Price of traditional N×N switch=price of 2×2 switch×number of 2×2 cascaded switches. 
 
      The price of a new N×N switch constructed in accordance with the above described switch architecture may be defined as: 
 
Price of new N×N switch=2×price N×N slow switch+(price of 1×2 switch+price of multiplexer)×number of 1×2 switches used. 
 
      A N×N slow switch is relatively cheap, for example, currently around 5,000 Euros for a MEMS switch, thus the price of a N×N switch constructed in accordance with the above described switch architecture is mainly determined by the price of the fast switching fabric 1×2 switch. Assuming that for a given fast switching fabric, the price of a 1×2 switch is the same as a 2×2 switch (in fact it is even cheaper) it can be understood from table 1 that the new switch architecture is cheaper than the state of the art architecture for switching matrixes larger than 4×4. Moreover the price difference between the two architectures increases almost linearly with the size of the matrix.  
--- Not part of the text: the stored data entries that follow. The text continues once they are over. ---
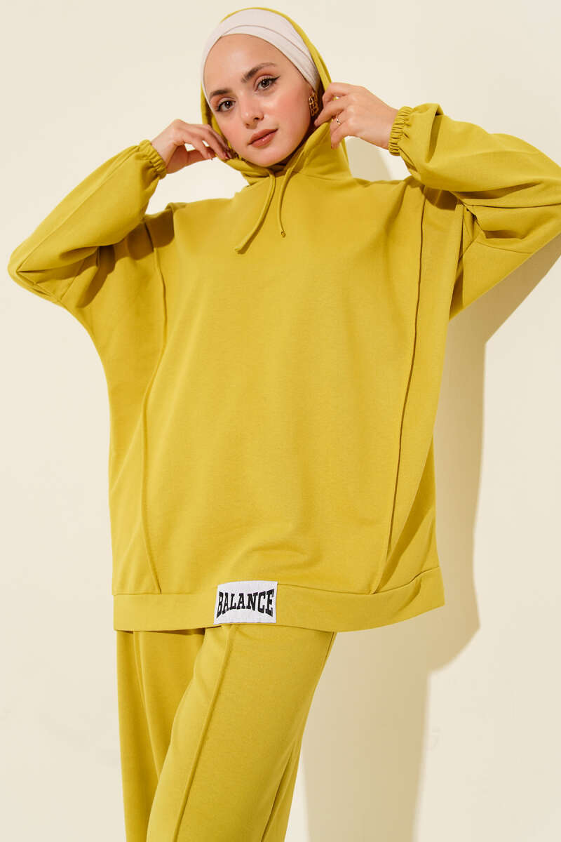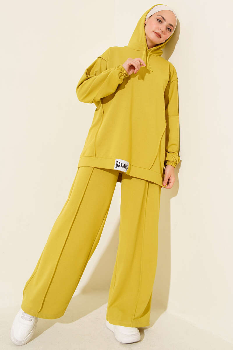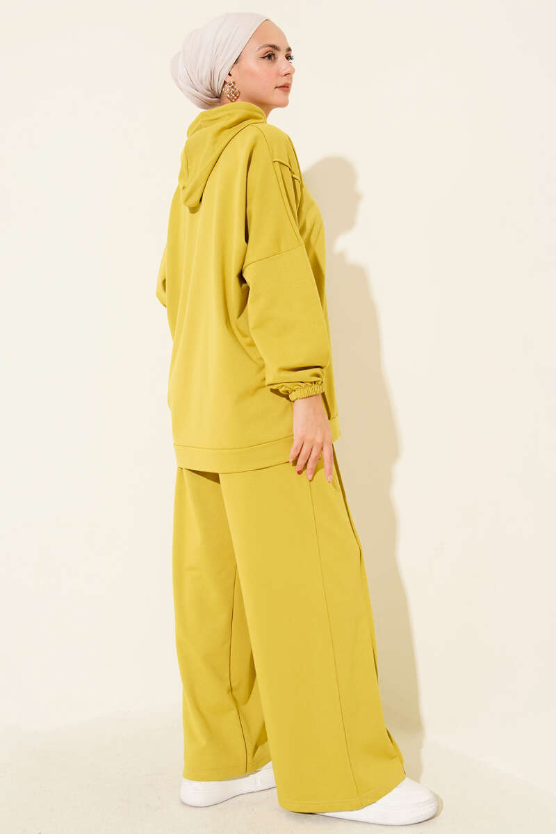 Yarım Fermuarlı Loyşa Şeritli İkili Takım Çağla Yeşili
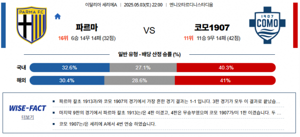 5월 3일 세리에A 파르마 vs 코모1907
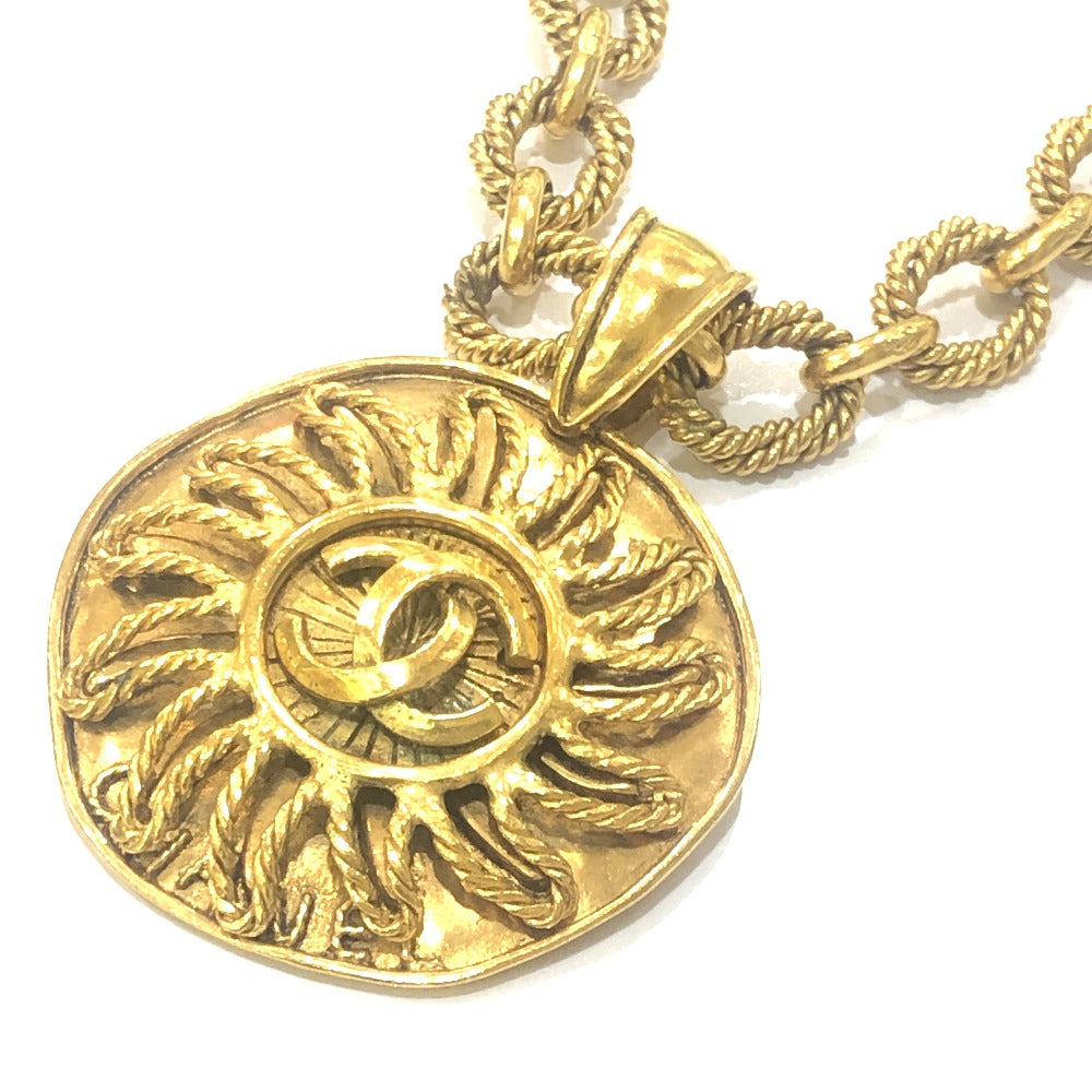 CHANEL 94A ココマーク 太陽モチーフ チェーン ヴィンテージ ネックレス GP レディース ゴールド
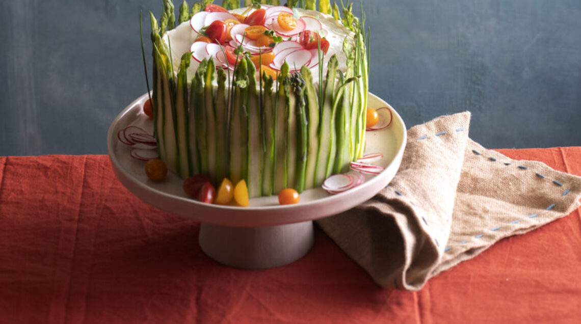 In questa ricetta si propone di realizzare una torta molto scenografica che ha come protagonisti proprio gli asparagi uniti ad un'altra serie di ingredienti come il tonno, le uova, la maionese, i pomodori, il mascarpone, davvero perfetta per le occasioni speciali e per imbandire le tavole in primavera.
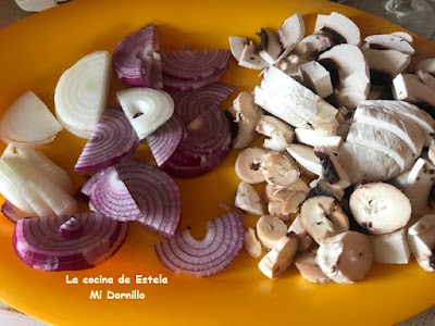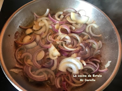 Cortamos las cebollas en rodajas y los ajo en pequeñito.

      The invention may be used in other types of optical networks, for example, Adaptive Path Switched Optical Networks of the type described in our co-pending application DE 10339039.1.  
      Having thus described the present invention by reference to preferred embodiments it is to be well understood that the embodiments in question are exemplary only and that modifications and variations such as will occur to those possessed of appropriate knowledge and skills may be made without departure from the scope of the invention as set forth in the appended claims.